Carliz De La Cruz Hernández, the ex-girlfriend of Bad Bunny, is suing the performer for using her voice recording of uttering the now-famous catchphrase “Bad Bunny Baby” in two of his songs without her consent. The lawsuit claims that she never legally agreed for her voice recording to be used in Bad Bunny’s songs, live performances, radio, television or any other form of media. De La Cruz Hernández is arguing in the $40 million lawsuit that the unauthorized use of the recording commercially exploits her voice and identity.

A great read in Guardian by singer, musician, and frontwoman Courtney Love about "sexist gatekeeping... purposeful ignorance and hostility" of Rock & Roll Hall of Fame: "If so few women are being inducted into the Rock Hall, then the nominating committee is broken. If so few Black artists, so few women of colour, are being inducted, then the voting process needs to be overhauled. Music is a lifeforce that is constantly evolving – and they can’t keep up... If the Rock Hall is not willing to look at the ways it is replicating the violence of structural racism and sexism that artists face in the music industry, if it cannot properly honour what visionary women artists have created, innovated, revolutionised and contributed to popular music – well, then let it go to hell in a handbag".

Music writer Jay Papandreas visited a soup west, bumping into "the best record store in the midwest" on the way. In his latest memo, he tries to identify what constitutes the best record store in general - "it’s a function of care. It’s about the selection and knowledge of buyers. It’s about the effort that goes into making a daunting collection feel as inoffensive as a grocery store. It’s about organizing and breaking the mold of the judgmental record store guy trope but still having a higher taste level than any other store. The care for the music, as well as the customer, is what makes a space different from others in the same industry."

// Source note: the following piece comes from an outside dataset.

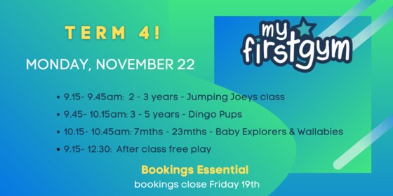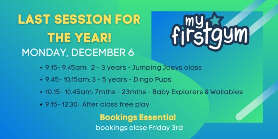 Are you looking for something to do with the kids during the Christmas School Holidays? GCMBA has partnered with My First Gym Robina to offer 50 discounted tickets to GCMBA Financial Members to attend any of the standard scheduled classes for 0 - 15 year olds, for the week running Monday 13/12/2021 - Friday 17/12/2021   Multiples and their siblings are welcome.     My First Gym classes provide children with benefits in: - Socialisation  - Stability  - Locomotor skills  - Self-confidence  - Introduction to Fitness  - Body Awareness  - Strength & loads of fun!   Baby Explorers, Walking Wallabies, Jumping Joeys & Energetic Emus classes require parental participation. One parent participating per family is sufficient.   Free play is also available on Tuesday 14/12 and Wednesday 15/12 prior to, and concluding all sessions between 8:30am - 12:30pm. A scheduled session must be attended to utilise Free Play.    NOTE FOR THE ADULTS! Coffee is available next door at Alpine gym. Lots of room to park prams, the facility is gated and closed in, with air conditioning, fridge, and microwave for bottles if needed.  BYO snacks NUT FREE    Bookings are Essential. 50 tickets are available for purchase on a first in first serve basis. Limit of one ticket per child for the week 13/12/2021 - 17/12/2021. Class must be selected at the time of booking. Siblings/multiples may attend different classes. Bookings must be made by 5pm Tuesday 07/12/2021 December.  Cost: GCMBA Financial Members - $7.50 per child.

Meta has "excluded" the music repertoire by tens of thousands of Italian songwriters from Facebook, in a "shock move", as reported by MBW. The Italian Society of Authors and Publishers (SIAE) says that “Meta presented a ‘take it or leave it’ economic offer, threatening to remove the content if the offer was not accepted by SIAE”. SIAE didn’t accept this offer, so Meta “suddenly and unilaterally” started to remove its content.

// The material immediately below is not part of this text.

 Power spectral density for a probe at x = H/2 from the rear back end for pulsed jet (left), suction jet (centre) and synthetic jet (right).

"Don’t underestimate the power of songs. They are change agents in human life, with more transformative impact on society than any weapon system or policy initiative" - music writer Ted Gioia looks into the issue of protest songs and the place of music in today's society. Gioia collected recent news articles about various acts of suppression and censorship of music, as well as about the inhumane use of music.

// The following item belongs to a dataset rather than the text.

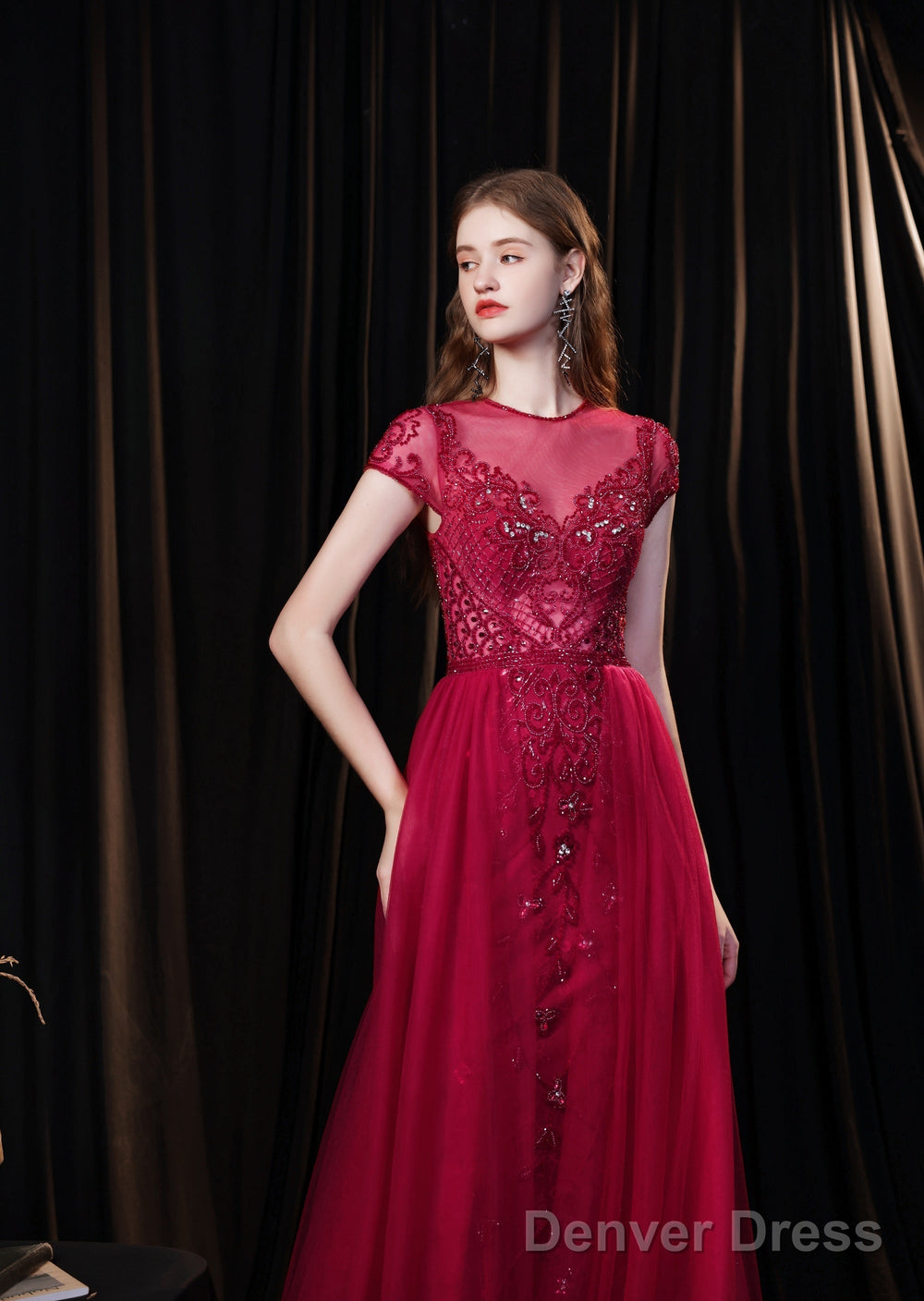 Cap Sleeves Prom Dress 2025聽Beading Appliques Tulle Scoop Floor Length Burgundy Prom Dresses

Kaytranda has remixed Sam Gellaitry’s single 2021 ‘Assumptions’, adding a new flavour. Canadian producer colors the dance song with his signature groove, making for a much warmer and thicker sound. Speaking of the mix Gellaitry said - “I’ll never forget the first time I heard Kaytranada’s music 11 years ago, a true innovator and inspiration to my music ever since that point."

“[In clubs] You see people in various states of ecstasy, loneliness to connectedness, boredom. A club or a rave is a very concentrated, condensed space where you can live out all these purely human emotions” - German photographer Werner Amann explains in MixMag the idea behind his photographs taken in 1990s techno clubs, collected in a new photo book titled 'Kein Morgen' ("no tomorrow"). Amann frequented now-legendary techno spots like E-Werk, Tresor and the annual Love Parade in Berlin, and he would also travel out of town to other parts of Germany and beyond – partying at the likes of Mayday in Dortmund, Omen in Frankfurt, underground parties in North-Rhine Westphalia, Limelight and Sound Factory in New York, to parades in Zürich and Paris.